Your objective: Quote only the lines that start at the line with "Woman with red" and run to the end of the entries; omit the pictures.

Data records:
*** Begin section ***
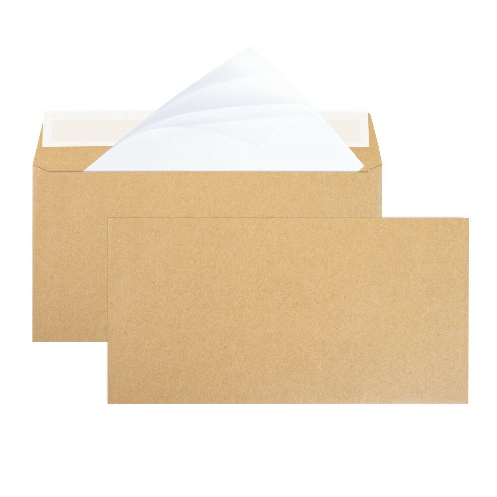 Купить Крафт конверт с прямым клапаном (Е65 11х22 см), упаковка 25 штук
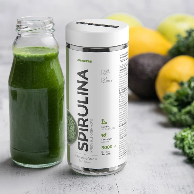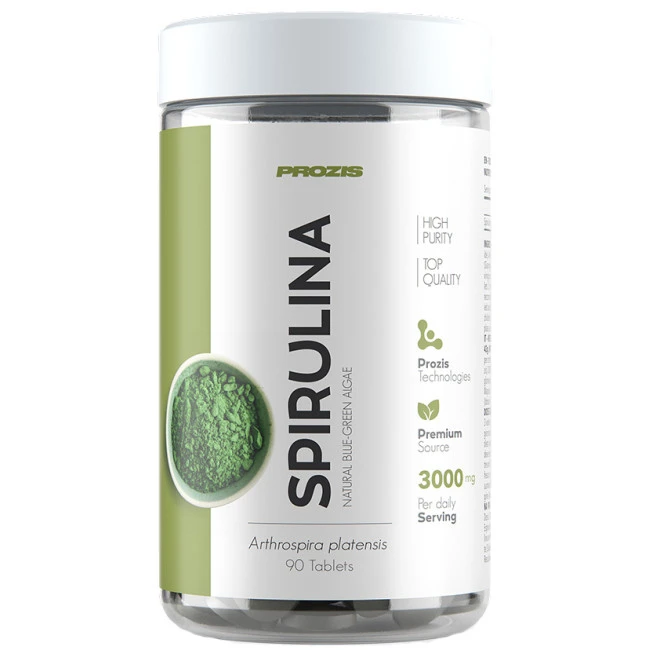 Натуральні водорості для підвищення рівня здоров'я та імунітету натурального походження від португальського бренду спортивного харчування. Prozis Spirulina випускається у фасуванні 90 таблеток і містить дуже велику кількість білка, відповідно і амінокислот, як замінних, так і незамінних. Спіруліна зміцнює імунну систему, підвищує гемоглобін, є чудовим антиоксидантом, що позитивно впливає на вік життя, адже добре уповільнює процеси старіння. Корисних властивостей дуже багато у цих водоростей, але всі вони ще не доведені до кінця, але позитивних відгуків, що приймають цю добавку, порівняно з плацебо набагато більше.
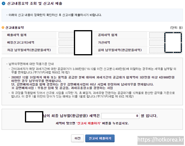 마지막 최종 납부할 세액 0원을 확인 후 신고서 제출하기를 클릭하면 됩니다.
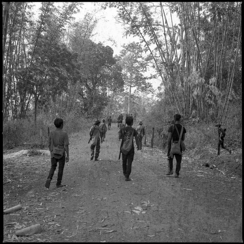 Villagers carrying homemade hunting rifles walk around the village as they came back from tactical training in Hpruso township, Myanmar on 22 March 2022. Many people around the Myanmar have joined ‘People’s Defense Armed Forces’ which was founded by National Unity Government (NUG) after the Spring Revolution to defend and protect lives from Myanmar military’s human rights violations and offensive attacks on the citizens. Caption and photo credit to independent photojournalist, Ta Mwe.
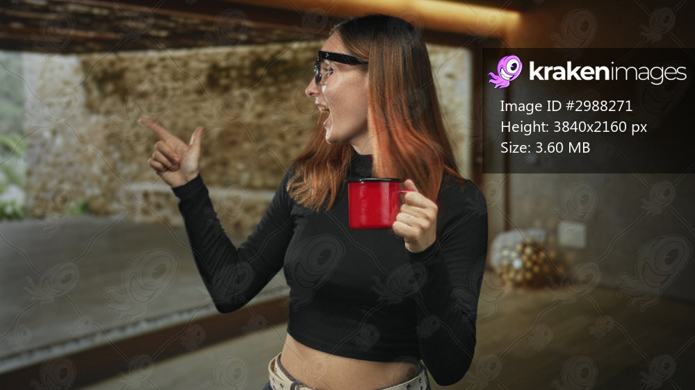 Woman with red hair holding a red mug points finger to the side in a studio while smiling, midriff exposed and wearing glasses; playful confidence.
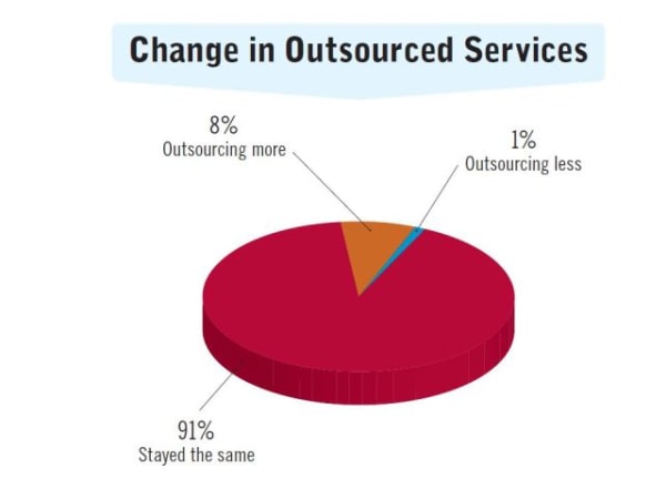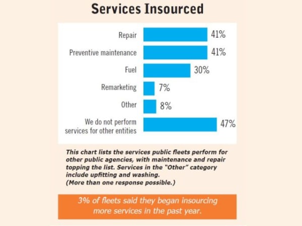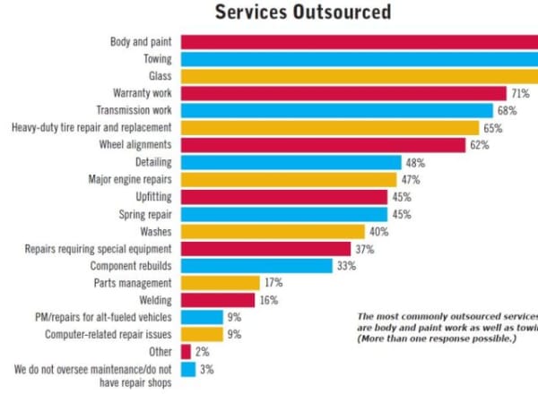 Those who are outsourcing more services said they did it due to the increasing age of the fleet, increasing diversification of the fleet, and being short on technicians. Some agencies began outsourcing upfitting while one fleet began doing it in-house.
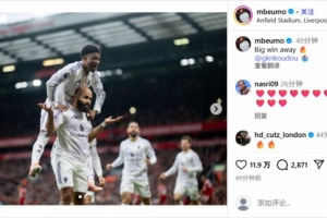 赛后,此役闪击破门的姆贝莫更新社媒庆祝胜利,他写道:关键的客场胜利🔥
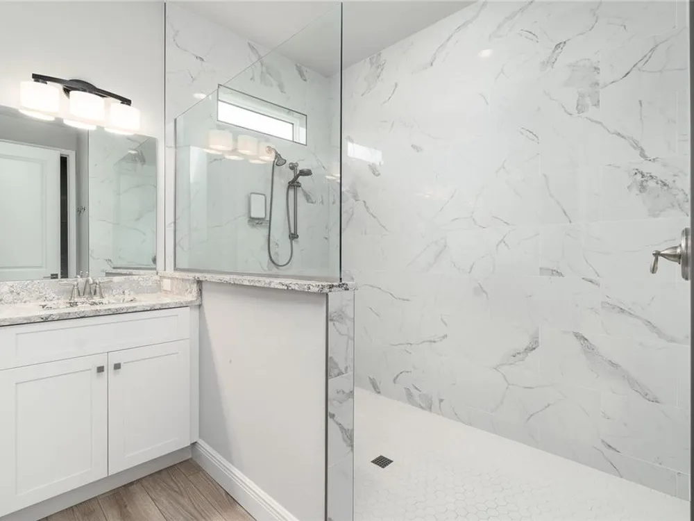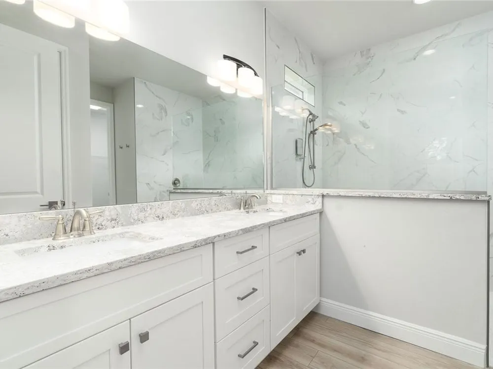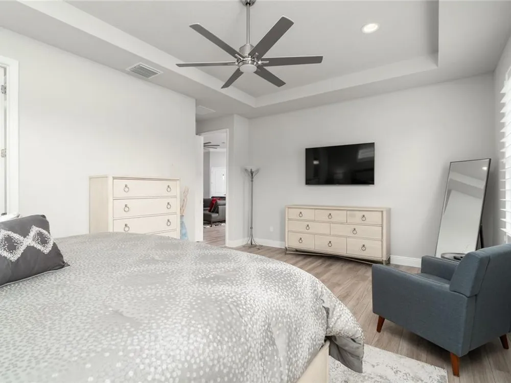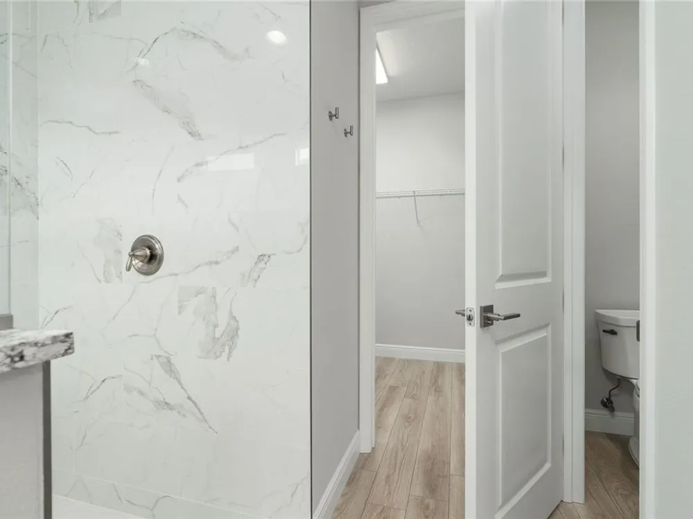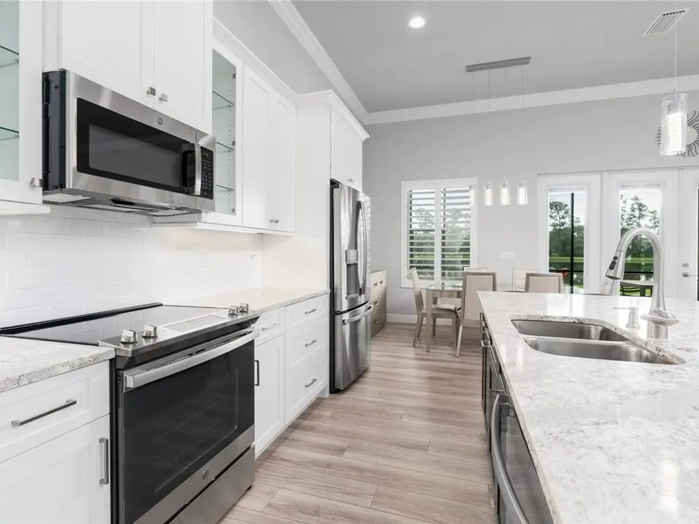 - Crown Molding, Living/Dining Room, Open Floorplan, Main Level Primary, Split Bedrooms, Stone Counters, Walk-In Closet(s)
*** End section ***
Finished task:
 Woman with red hair holding a red mug points finger to the side in a studio while smiling, midriff exposed and wearing glasses; playful confidence.
 Those who are outsourcing more services said they did it due to the increasing age of the fleet, increasing diversification of the fleet, and being short on technicians. Some agencies began outsourcing upfitting while one fleet began doing it in-house.
 赛后,此役闪击破门的姆贝莫更新社媒庆祝胜利,他写道:关键的客场胜利🔥
 - Crown Molding, Living/Dining Room, Open Floorplan, Main Level Primary, Split Bedrooms, Stone Counters, Walk-In Closet(s)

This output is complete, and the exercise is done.